Topology lives in the hive-c0re-owned meta repo, alongside flake.nix, at /var/lib/hyperhive/meta/topology.json:

{
  "manager": null,
  "alice":   "manager",
  "bob":     "alice"
}

null = root-level agent. Today only the manager qualifies by default. Other agents land under "manager" on first sync. Re-parenting is operator-driven:

All three converge on topology::set_parent, which delegates the validation rules to a pure apply_set_parent helper. Refuses:

The manager is reparentable like any other agent — there's no "structurally root" carve-out; the manager's privileges live on its MCP socket, not its tree position, and the cycle walk above catches the only real safety concern (moving the manager under one of its own descendants).

Idempotent no-op fast path skips the disk write when the parent is already what's requested. After a successful write the surfaces call Coordinator::rescan_containers_and_emit so connected dashboard viewers see the tree repaint without polling (ContainerView.parent is sourced from topology.json).

Today's caveat: the move is purely a JSON edit. Only the top-level manager (root) gets /var/lib/hyperhive/agents bind-mounted at /agents in its container, so sub-agents don't yet see their would-be children's state. Once sub-manager bind mounts land alongside cap enforcement, set_parent grows a companion umount-old / mount-new / restart-cascade step.
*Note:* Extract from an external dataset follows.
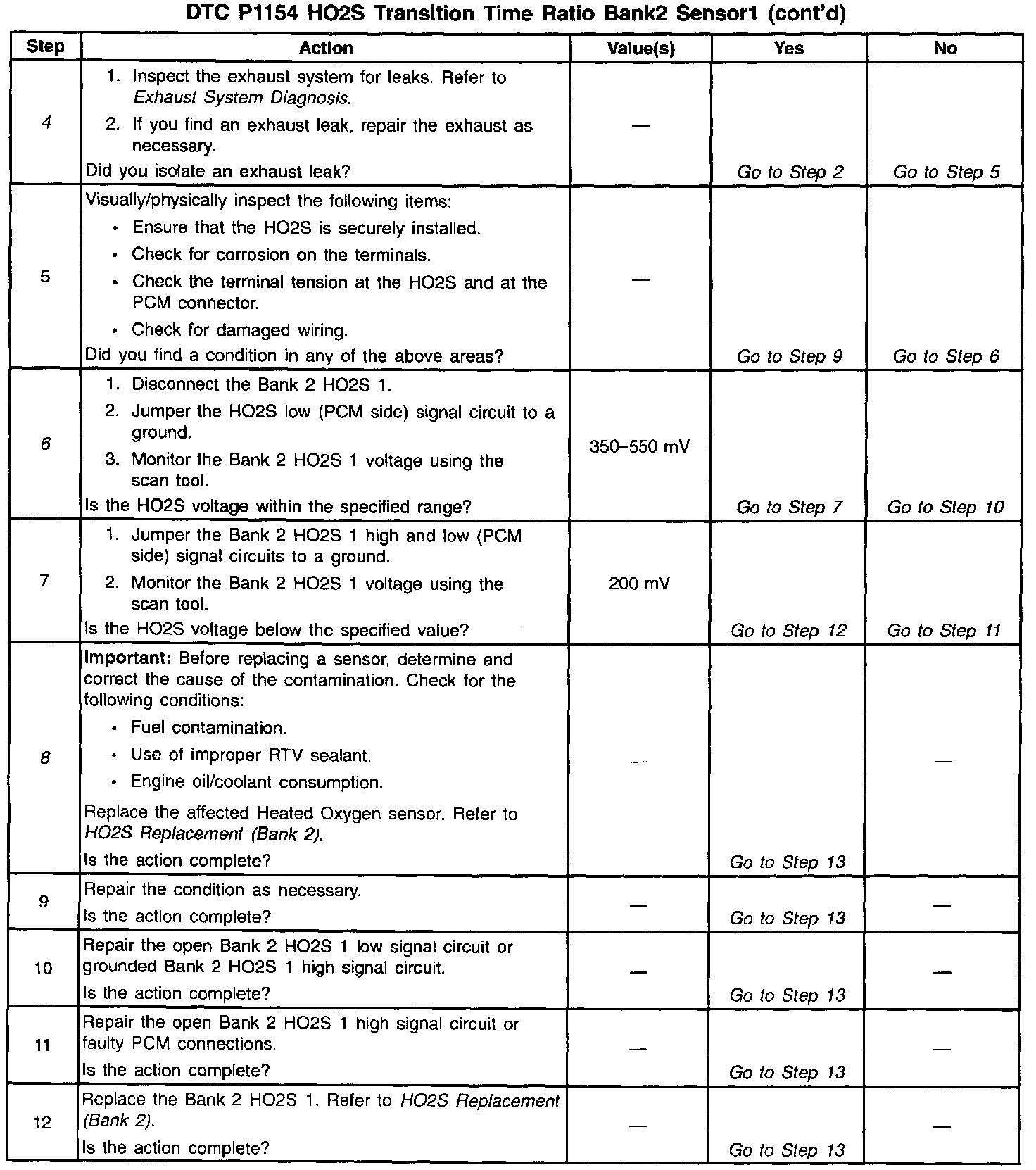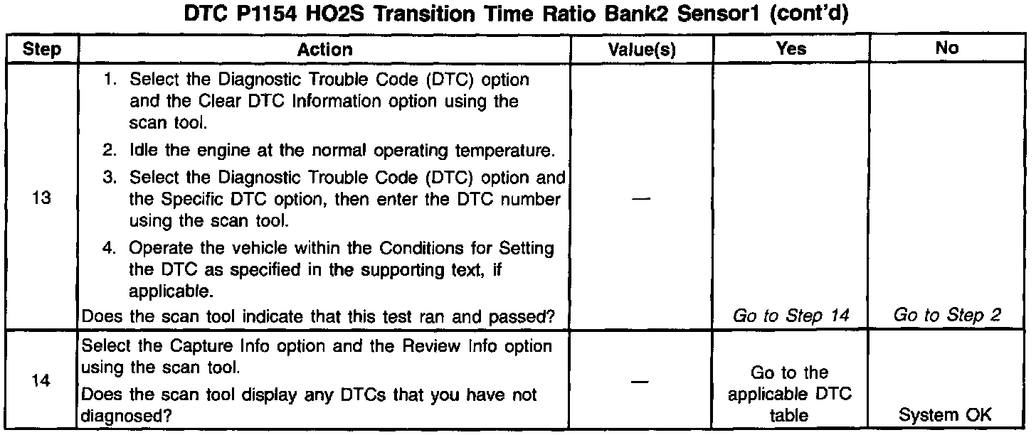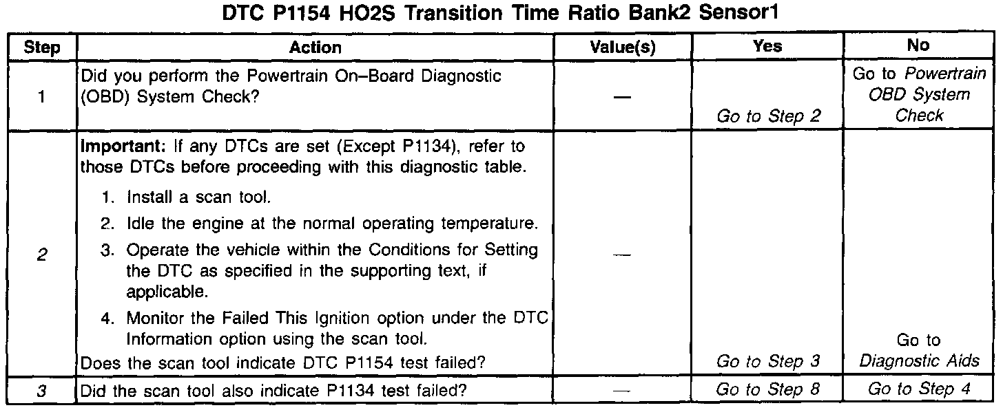 The PCM monitors the Heated Oxygen Sensor (HO2S) activity. The PCM counts the number of times that the HO2S responds from rich to lean and from lean to rich and adds the amount of time it took to complete all transitions. The PCM determines the average time for all transitions with this information. The PCM divides the rich to lean average by the lean to rich average to obtain a ratio. The PCM sets a DTC P1154 if the HO2S ratio is not within a predetermined range.
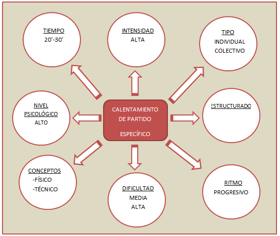 Dentro del calentamiento de partido podemos seguir las siguientes pautas:

Why meta, not per-agent agent.nix

An agent shouldn't be able to claim a parent without that parent's consent, and operator-driven re-parenting shouldn't require touching the moved agent's config. Topology IS a system-level concern; meta is where system-level facts live.

Flow

  1. Read: topology::read() parses topology.json into a BTreeMap<String, Option<String>>. Missing / unparsable file → empty map → every agent treated as root (safe degradation for fresh installs that haven't run meta::sync_agents yet).
  2. Reconcile: meta::sync_agents calls topology::reconcile alongside its flake.nix regeneration. New agents land at their default position (manager as parent, manager itself as root); removed agents drop. Existing entries are preserved as-is so operator overrides stick across regenerations.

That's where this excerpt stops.